Kamenetz may be familiar to readers as the author of the book “The Jew in the Lotus: A Poet’s Rediscovery of Jewish Identity in Buddhist India” (1997). Like that book, “Dream” is at once affable and audacious; Kamenetz is a reliable narrator in unreliable territory. But I want to suggest that Kamenetz’s poetic eye is alive and well in this work of nonfiction. Not only is its subject ultimately the imagination; it locates the ground of spirituality within the imagination, and dares to posit religion itself as a product of the imaginal faculties. What more poetic gesture could there be than that?
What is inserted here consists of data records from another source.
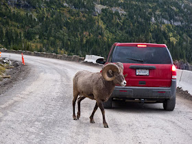 There was quite a bit of construction on the road, and about 12 miles in we had to stop and wait for a pilot car to lead us to the top, since there was only one lane of road available for both directions. This turned out to be a good thing, since stopped cars attract big horned sheep, which came close enough for my point and shoot to capture. I realized at that point that keeping my SLR in the trunk of the car was a mistake.
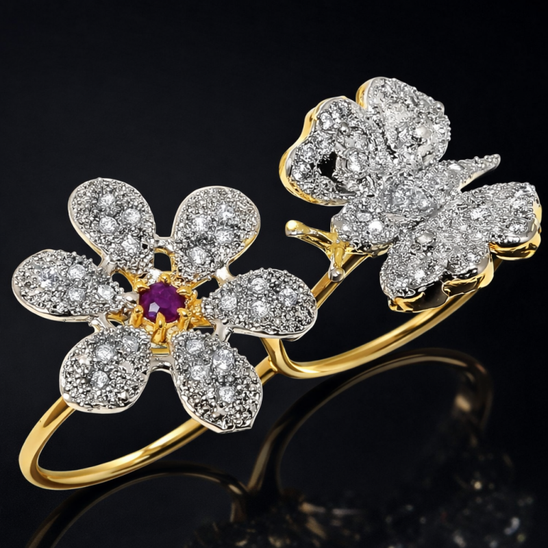 A gold adjustable ring featuring flower and butterfly-shaped motifs. The left flower has a central purple gemstone (likely ruby) surrounded by diamond-like stones on its petals, while butterfly is set entirely with diamond-like stones. The design combines silver-tone and gold-tone finishes.
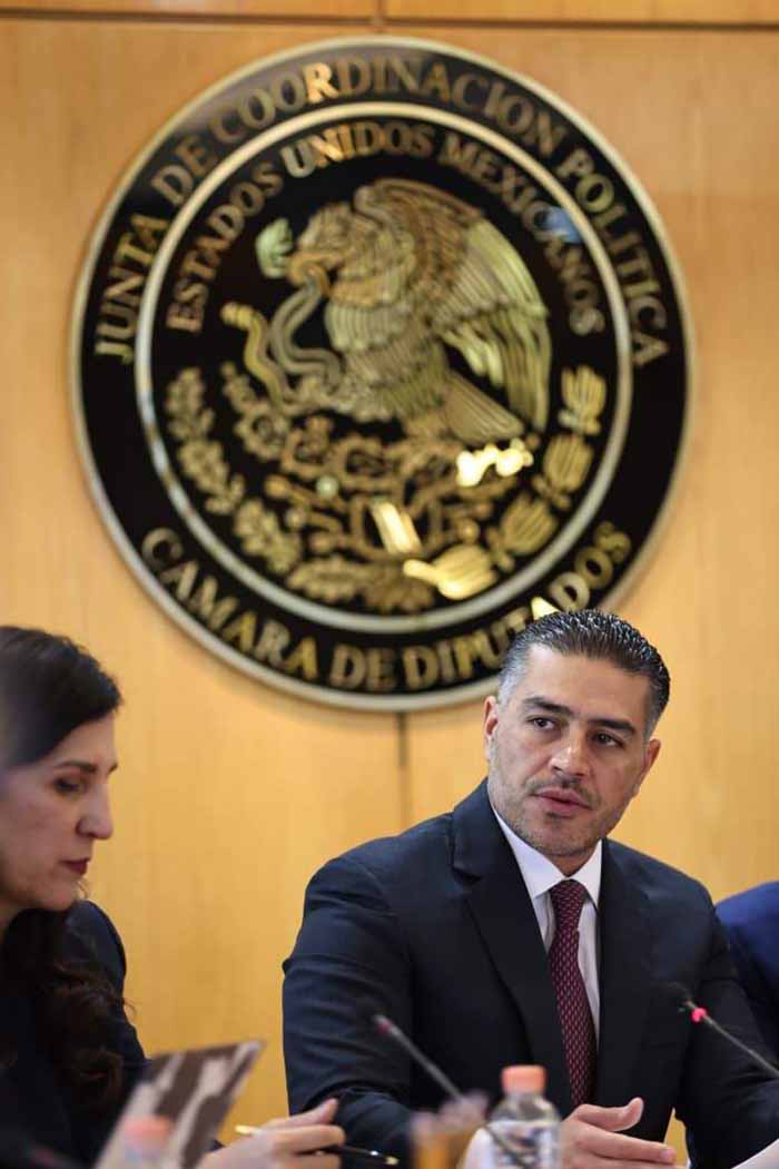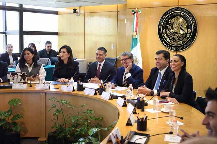 En la reunión participa también la presidenta de la Cámara de Diputados, Kenia López, y los coordinadores de los grupos parlamentarios del PAN, José Elías Lixa; del PVEM, Carlos Puente; del PT, Reginaldo Sandoval; del PRI, Rubén Moreira, y de MC, Ivonne Ortega.
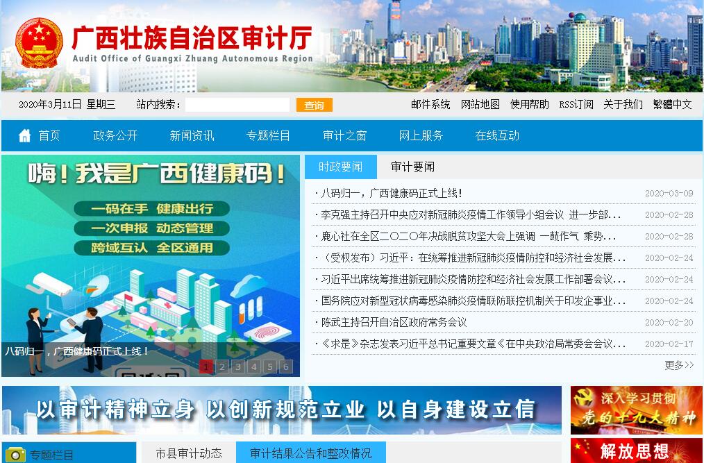 广西壮族自治区审计厅主要职责:(一)主管全区审计工作。负责对国家、自治区财政收支和法律法规规定属于审计监督范围的财务收支的真实、合法和效益进行审计监督,对公共资金、国有资产、国有资源和领导干部履行经济责任情况实行审计全覆盖,对领导干部实行自然资源资产离任审计,对国家、自治区重大政策措施贯彻落实情况进行跟踪审计。对审计、专项审计调查和核查社会审计机构相关审计报告的结果承担责任,并负有督促被审计单位整改的责任。(二)起草有关自治区审计的地方性法规、地方政府规章草案,拟订全区审计政策,制定自治区有关审计指南并监督执行。制定并组织实施专业领域审计工作规划。参与起草财政经济及其相关地方性法规、地方政府规章草案。对直接审计、调查和核查的事项依法进行审计评价,作出审计决定或提出审计建议。(三)向自治区党委审计委员会提出年度预算执行和其他财政收支情况审计情况报告。向自治区主席提出年度预算执行和其他财政收支情况审计结果报告。受自治区人民政府委托向自治区人大常委会提出自治区预算执行和其他财政收支情况的审计工作报告、审计查出问题整改情况报告。向自治区党委、自治区人民政府报告对其他事项的审计和专项审计调查情况及结果。依法向社会公布审计结果。向自治区党委和自治区人民政府有关部门、设区的市党委和人民政府通报审计情况和审计结果。(四)直接审计下列事项,出具审计报告,在法定职权范围内作出审计决定。包括:国家和自治区有关重大政策措施贯彻落实情况;自治区本级预算执行情况和其他财政收支,自治区各机关各部门(含直属单位)预算执行情况、决算草案和其他财政收支;设区的市人民政府预算执行情况、决算草案和其他财政收支,中央和自治区财政转移支付资金;使用自治区财政资金的事业单位和社会团体的财务收支;自治区投资和以自治区投资为主的建设项目的预算执行情况和决算,自治区重大公共工程项目的资金管理使用和建设运营情况;自然资源管理、污染防治和生态保护与修复情况;自治区国有企业和金融机构、自治区国有资本产占控股或主导地位的企业和金融机构境内外资产、负债和损益,自治区驻外非经营性机构的财务收支;有关社会保障基金、社会捐赠资金和其他基金、资金的财务收支;国际组织和外国政府援助、贷款项目;法律法规规定的其他事项。(五)按规定对自治区党委管理的党政主要领导干部及其他单位主要负责人实施经济责任审计和自然资源资产离任审计。(六)组织实施对国家财经法律、法规、规章、政策和宏观调控措施执行情况、财政预算管理及国有资产管理使用等与国家财政收支有关的特定审计事项进行专项审计调查。(七)依法检查审计决定执行情况,督促整改审计查出的问题,依法办理被审计单位对审计决定提请行政复议、行政诉讼或自治区人民政府裁决中的有关事项,协助配合有关部门查处相关重大案件。(八)指导和监督全区内部审计工作,核查社会审计机构对依法属于审计监督对象的单位出具的相关审计报告。(九)与各设区的市党委和人民政府共同领导设区的市的审计机关。依法领导和监督各市县审计机关的业务,组织实施特定项目的专项审计或审计调查,纠正或责成纠正各市县审计机关违反国家规定作出的审计决定。按照干部管理权限共同管理设区的市的审计机关领导班子成员。(十)组织开展审计领域的区内外交流与合作,指导和推广信息技术在审计领域的应用。(十一) 完成自治区党委、自治区人民政府交办的其他任务。
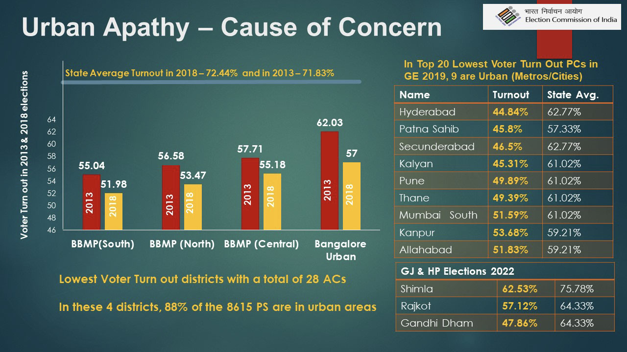 Sharing the status of urban apathy in Karnataka, Chief Election Commissioner Rajiv Kumar said four districts in Bengaluru, India's IT hub, saw the lowest voter turnouts in the State in 2013 and 2018.
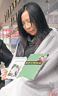 《壹周刊》前记者臧家宜(图)因恐吓台湾首富郭台铭遭判刑,她昨披麻带孝到台北地检署要求入监但被劝回。来源:台湾《苹果日报》
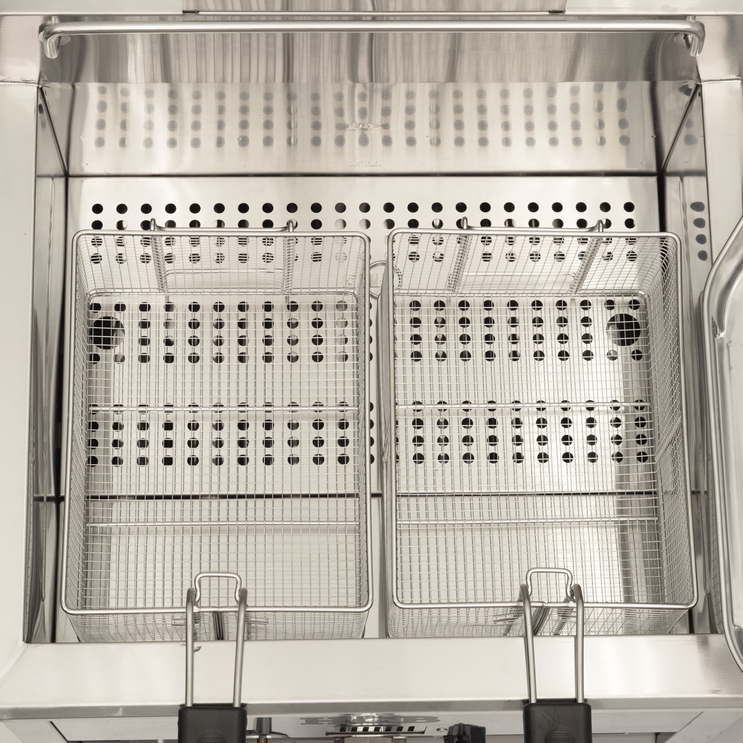 Die Fritteuse wird mit 2 Frittierkörben geliefert, so dass Sie problemlos mehrere Produkte gleichzeitig zubereiten können. Und dank der Verwendung von Erdgas ist die Fritteuse auch sehr energieeffizient.
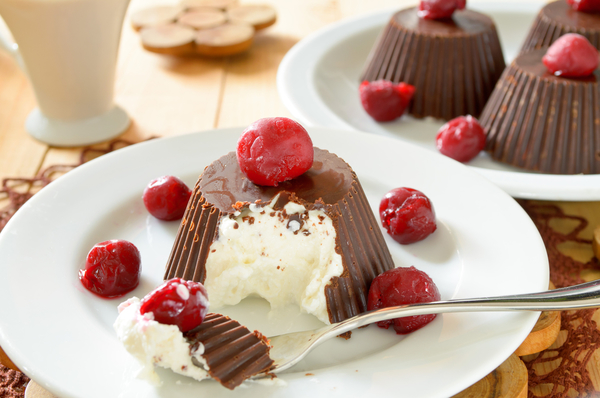 2. С помощью кулинарной кисточки смазать 5 силиконовых формочек емкостью 80 мл растопленным шоколадом. Поставить в морозильную камеру на 10 минут.
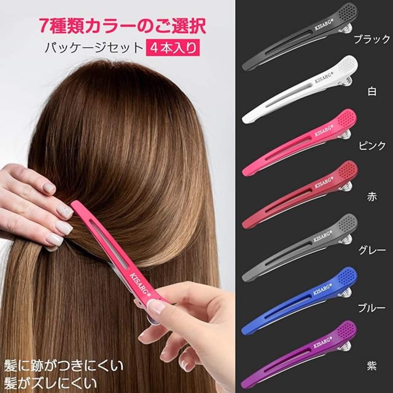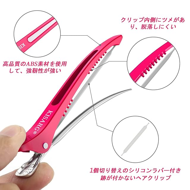 商品名:KISARG ダッカール ヘアピン ヘアクリップ メンズ 美容師 プロ用 前髪 髪留め クリップ ブロッキング 跡がつかない ヘア ピン 大きめ 4本入り 11.5cm ピンク
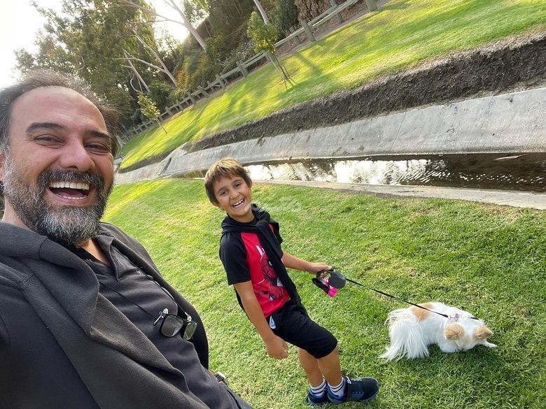 برزو ارجمند عکسی از گردش خود در کنار پسر و سگشان در آمریکا منتشر کرد.
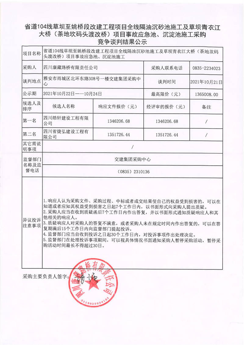 四川康藏路橋有限責(zé)任公司省道104線草壩至姚橋段改建工程項(xiàng)目全線隔油沉砂池施工及草壩青衣江大橋(茶地坎碼頭渡改橋)項(xiàng)目事故應(yīng)急池、沉淀池施工采購競(jìng)爭(zhēng)談判結(jié)果公示

By way of comparison, let me briefly note the new book by Philip Terman, “Rabbis of the Air,” which also reflects this stance. As the title implies, many of Terman’s poems derive their language and context from Judaism. But the poem that gives the volume its name identifies bees, woodpeckers and robins as the poet’s rabbis, and elsewhere Terman issues a rejoinder to Yehuda Ha-Levi, arguing that ancestors are more important than the Temple. In other words, the poet as teacher teaches from a place of contentious dialogue with a tradition, not from within that tradition. Unlike that of a traditional rabbi, a poet’s teaching comes as much from separateness as from union, as much from disjuncture as from continuity.

Terman, like Kamenetz and Ostriker, locates himself within a consummately Jewish world, yet does so in order to redefine it, or rather, to define himself in frequent opposition to it. Confusingly, Terman often uses the first-person plural (for example, “And thus we bury each other” from “Rabbis of the Air,” or “Impossible to take them seriously, these fathers of ours,” in “My Kafka”), which this reader finds distracting, even presumptuous, as the rather solemn “we” of the poet’s voice often invites me to question whether its pronouncements really apply to me. Ironically, this “we” is a cliché often found in nonpoetic spiritual writers who seek to include their readers in some imagined shared experience; what I find more powerful in Terman’s work is its individuality, as in the first poem from “Rabbis of the Air,” titled “As My Daughter Climbs the Apple Tree, I Think of the Ancient Sephardic Poet Jehuda Halevi.”

To choose to be a Jewish poet, defined not by birth but by subject matter and personality, is necessarily to render one’s experience in terms of symbol and myth. One becomes as if infected by Jewish language. This is a perilous undertaking, as a poet’s task is necessarily to see things in a new way, while the Jewish words pull toward the old, as well toward the cliché. (Terman’s work deflates with irony the grandiosity that is a danger in such enterprises; other poets are not so careful.) To read the Bible in a poetic way, or to read dreams in a religious-poetic way, invites the charge that one is doing nothing new or, worse yet, hiding the new in the clothing of the old, as fundamentalists do all the time.

Yet if navigating the road of old and new, within and without, is the path of the Jewish poet, then all of us are invited to tread it. And these guides can show the ways.